Echoing what Dan Harris concluded through his own striving, Carroll reminds us that thinking we will be happy/satisfied/complete/finished/calm once the next project/milestone/promotion/deal is “done” is ultimately just fooling ourselves:
Work has a peculiar way of keeping us off balance, focusing us on the future, worrying about where we are going, concerned about whether we will arrive at our destination with our career and paycheck intact. Being out of balance in such a way — focusing mainly on getting somewhere — can make us feel hesitant, worried, and restless. We may feel alert at work but not as free and open as we sense we could be. We may be enthused by the challenge, yet we are cautious and uneasy. The old question “What keeps you up at night?” is quite literal in business. Will the new accounting system launch smoothly this weekend? Will the presentation to the division president go well tomorrow? Will I get the promotion or will I be passed over again? The hecticness of succeeding, measuring up, responding to emergencies, getting somewhere fast, can keep us living in constant anticipation, robbing us of any sense of well-being and enthusiasm, making work a burden and distracting us from our lives.
That is not to imply we should abandon ambition and initiative!

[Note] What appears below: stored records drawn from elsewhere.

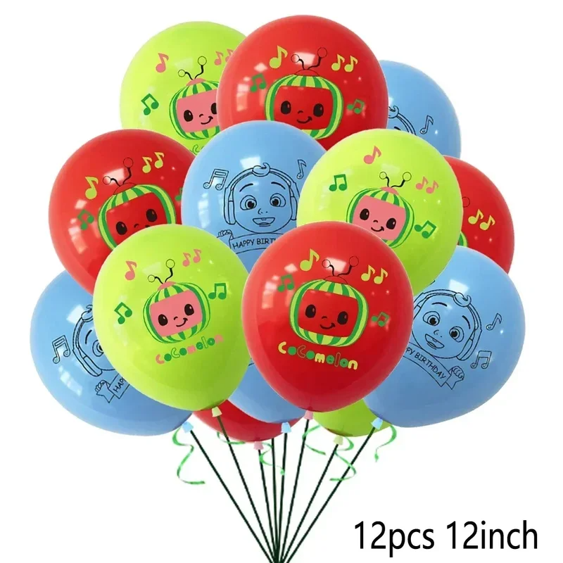 Cocomelon Balloon JJ Melon Watermelon Toy Happy Birthday Banner Party Decoration Backdrop Cake Topper JOJO Disposable Tableware
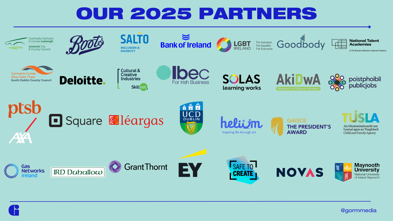 Safe to Create, Helium Arts, Léargas, SALTO Resource Centres, Cultural & Creative Industries Skillnet, Screen Ireland, Coimisiún na Meán, National Talent Academies, Gaisce and THINKHOUSE.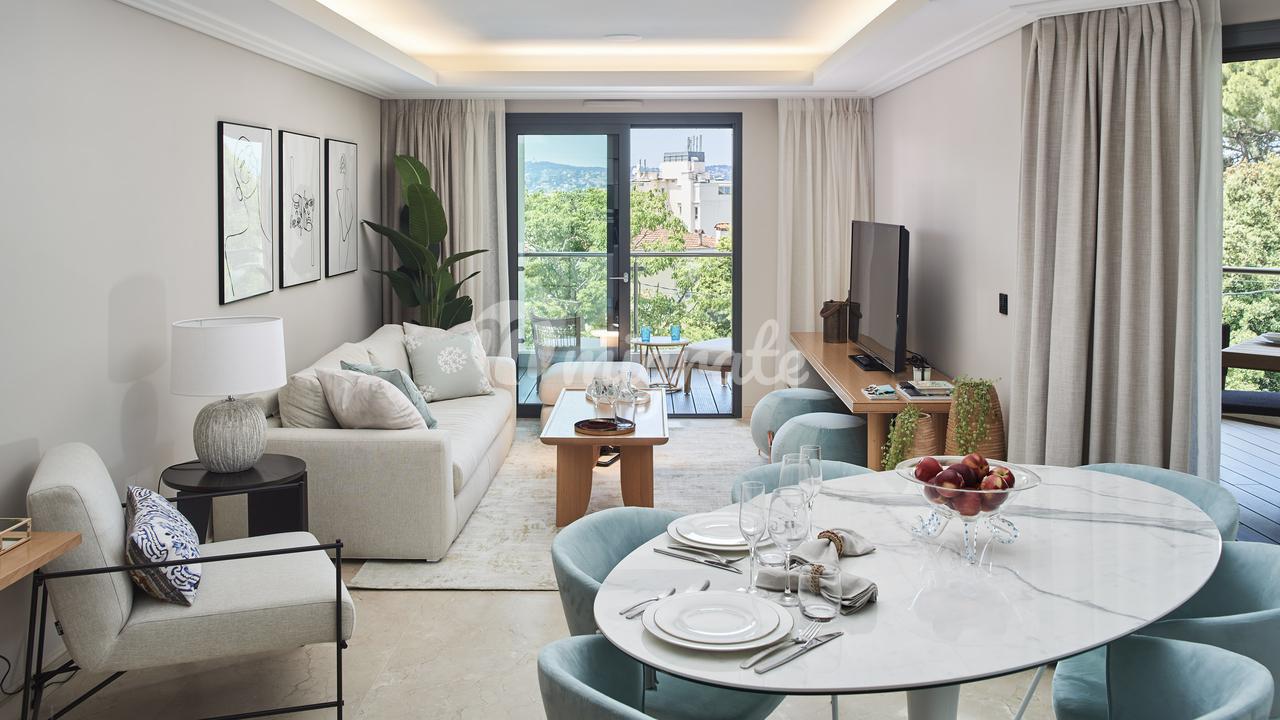 Элегантные апартаменты, расположенные в роскошной закрытой и охраняемой резиденции, включают в себя просторную гостиную зону, кухню, совмещенную со столовой, 2 спальни, 2 ванные комнаты, террасу. Встроенная кухня итальянского дизайна оснащена столешницей из кварца и техникой Siemens. В ванных комнатах установлены санитарная техника от Laufen, ванное оборудование от Hansgrohe. Апартаменты имеют систему комфортного охлаждения и обогрева, управление освещением Lutron, встроенную акустическую систему Bower and Wilkins. В апартаментах также есть прекрасная видовая терраса с деревянным настилом из бамбука. Доступен виртуальный 3D-тур.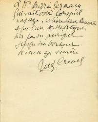 CREVEL René« MON CORPS ET MOI ». Éditions du Sagittaire, Paris, 1926 (imprimé 30 décembre 1925) ; 17,5 X 12,8 cm, broché. Édition en service de presse. Envoi autographe signé : « À M. André Germain qui sait voir lorsquil voyage, ce livre aux rencontres et que lair des montagnes na pas pu purifier jusquau bonheur. Hommage sincère René Crevel. »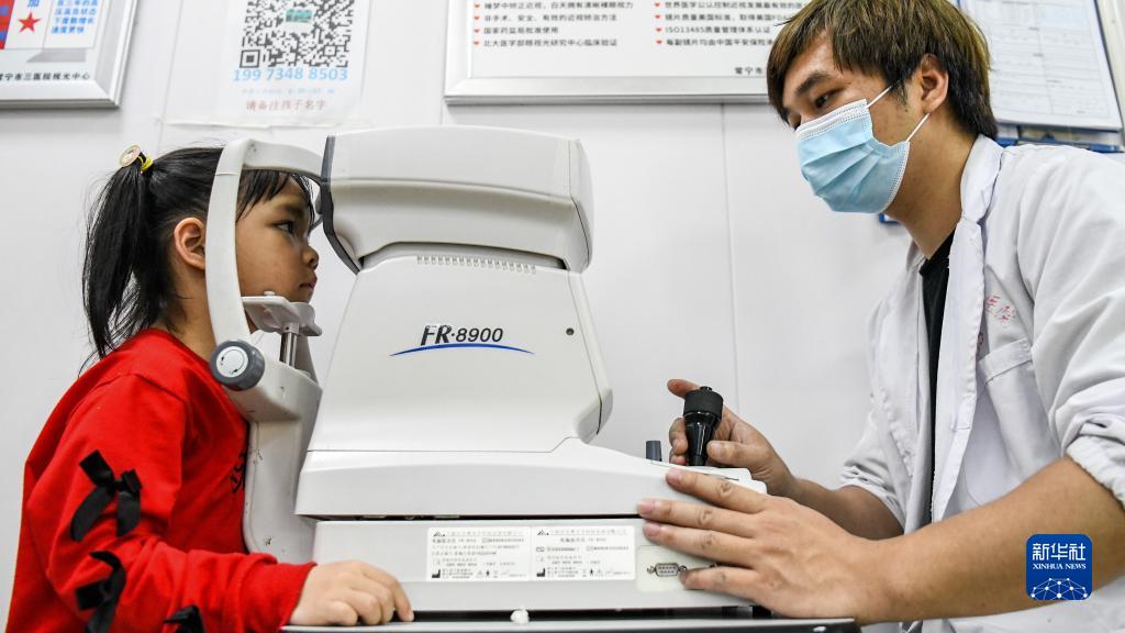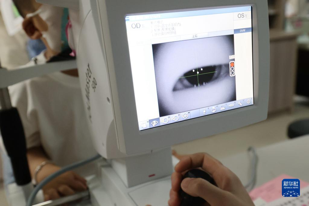 6月5日,湖南省常宁市第三人民医院的医护人员在为小朋友验光。新华社发(周秀鱼春 摄)

But it does mean understanding and accepting that true happiness and well-being can only be found first and foremost within us, never solely from external circumstances:
There is nothing outside us that can offer true well-being at work — indeed, in our lives. No paycheck, no retirement fund, no promotion, and no sympathetic boss — no circumstance can give us the confidence and well-being we are seeking.

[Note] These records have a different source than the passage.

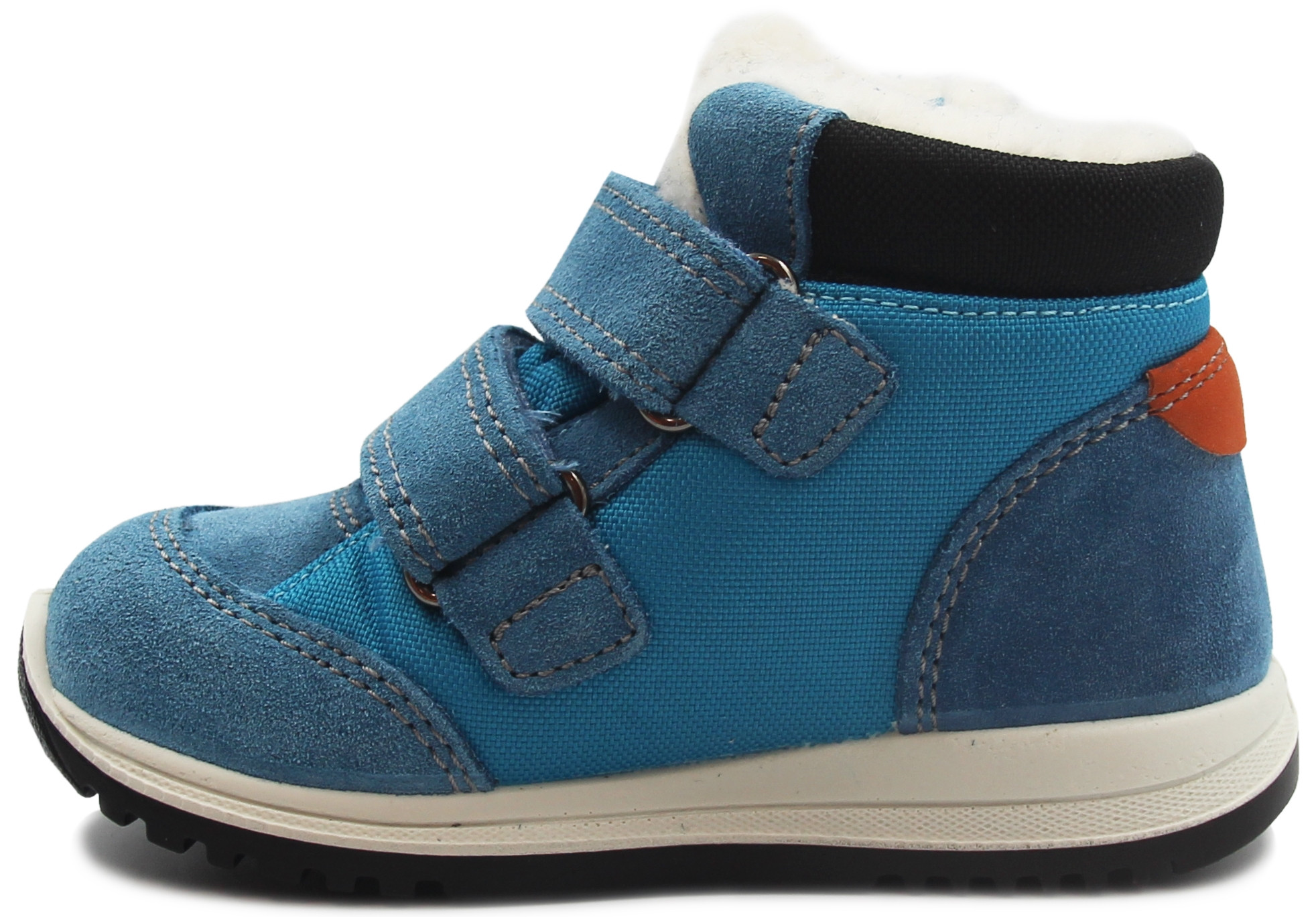 ❄️ Cholewka wykonana jest z wysokiej jakości skóry naturalnej nubukowej oraz materiału tekstylnego, w kolorze niebieskim, co gwarantuje elastyczność, przewiewność i dopasowuje się do kształtu stopy dziecka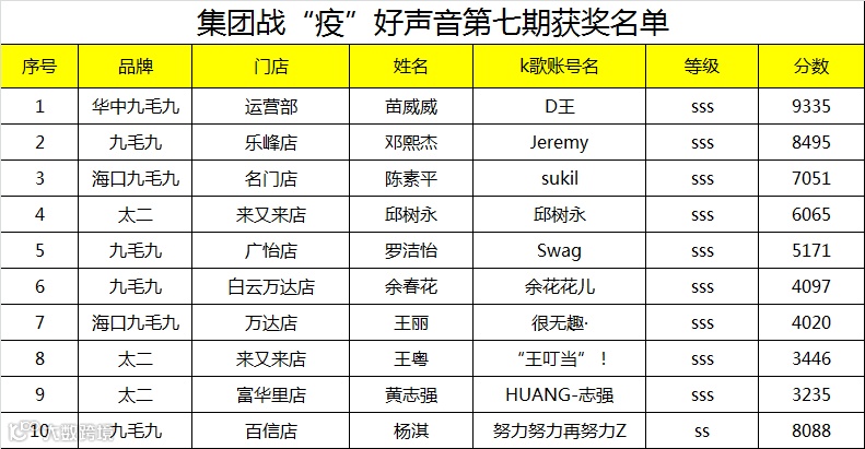 第七期战“疫”好声音前十榜单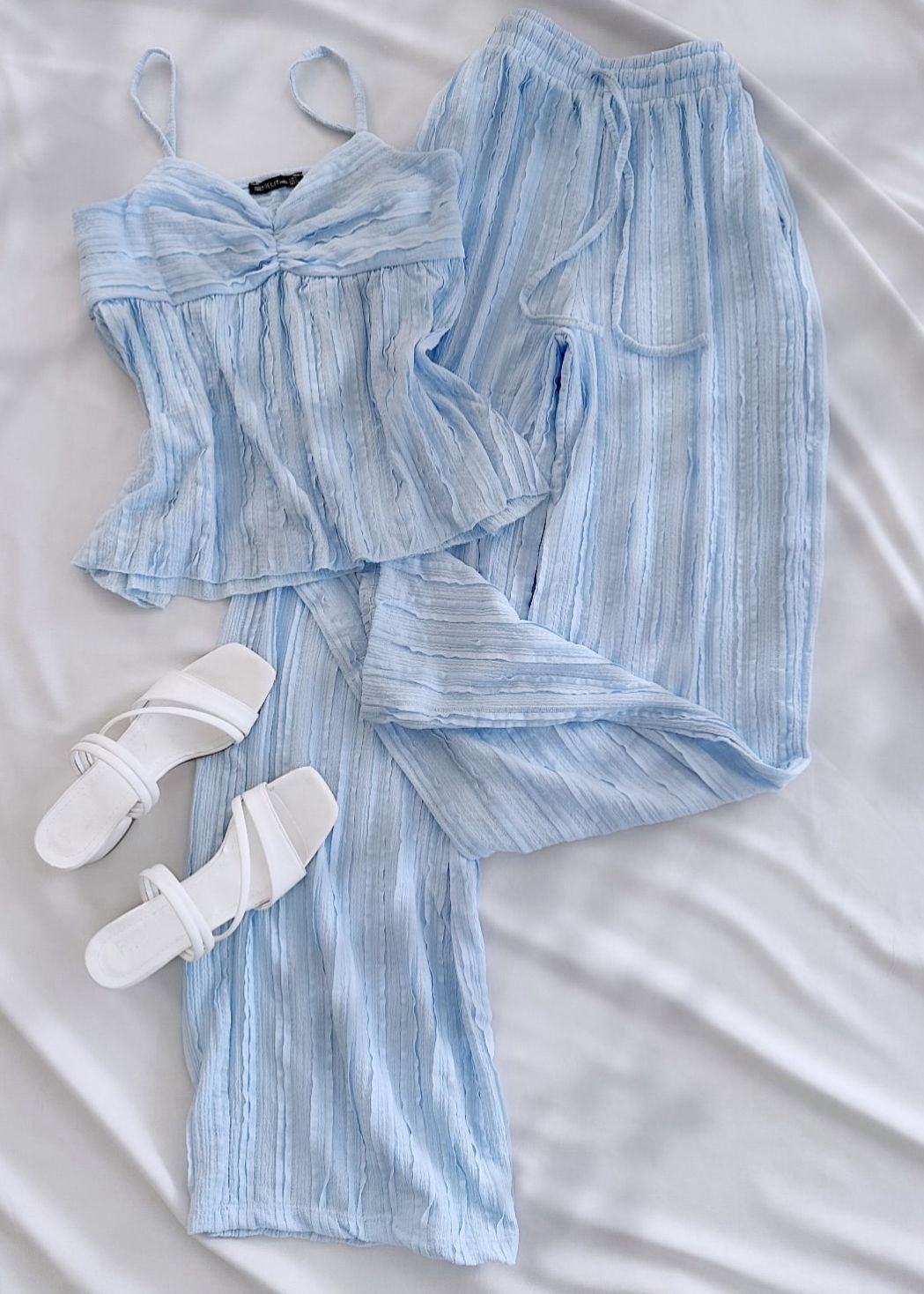 Pembe Boyun Bağlama Dokuma Pantolon Takım

Cornell professor Karl Pillemer famously researched the greatest regrets among more than 1,500 Americans over the age of 65, and the most common response — even among people who survived two World Wars and the Great Depression — was that they wished they’d spent less time worrying. On that front, I loved how Caroll described the constant “time travel” we all do that fuels a lifetime of worry: lurching between the past and the future while neglecting the present moment:
We discover that we live our lives in a kind of rehearsal behind the curtain of our thoughts, rehearsing what we could have done differently and what we will do differently in the future.

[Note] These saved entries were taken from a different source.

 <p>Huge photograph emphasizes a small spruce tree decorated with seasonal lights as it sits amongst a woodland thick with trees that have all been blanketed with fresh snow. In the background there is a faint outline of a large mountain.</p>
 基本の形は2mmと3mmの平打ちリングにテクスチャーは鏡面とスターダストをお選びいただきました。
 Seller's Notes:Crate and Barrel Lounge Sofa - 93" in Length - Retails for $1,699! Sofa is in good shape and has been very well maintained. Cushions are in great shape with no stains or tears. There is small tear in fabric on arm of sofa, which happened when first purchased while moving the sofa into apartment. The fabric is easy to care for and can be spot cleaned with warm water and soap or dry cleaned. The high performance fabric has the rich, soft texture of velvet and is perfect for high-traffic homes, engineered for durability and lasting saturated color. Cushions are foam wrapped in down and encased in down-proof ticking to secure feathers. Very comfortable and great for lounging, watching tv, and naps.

And while Carroll’s book (and this list) are mostly about applying mindfulness to our work, yet again we’re reminded that the stakes are ultimately much, much greater than that:
Is there really anything outside ourselves that can offer us lasting peace or security in this ever-changing world? Can money and material wealth really give us confidence and joy? We need money for basic necessities, certainly, but no amount of money can relieve, for example, the suffering of our child struggling to survive leukemia. No amount of wealth can slow our parents’ aging or return our lost youth. Money cannot make us a better artist or friend; nor can it make the breeze any cooler or the sky any bluer.
As your reward for reading this far, you get … a confession: I don’t want you to read these books so that you’ll perform better at work (though I think that you will). I want you to read these books so that you’ll be just a little bit kinder to those around you, and more importantly a little bit kinder to yourself. Namaste.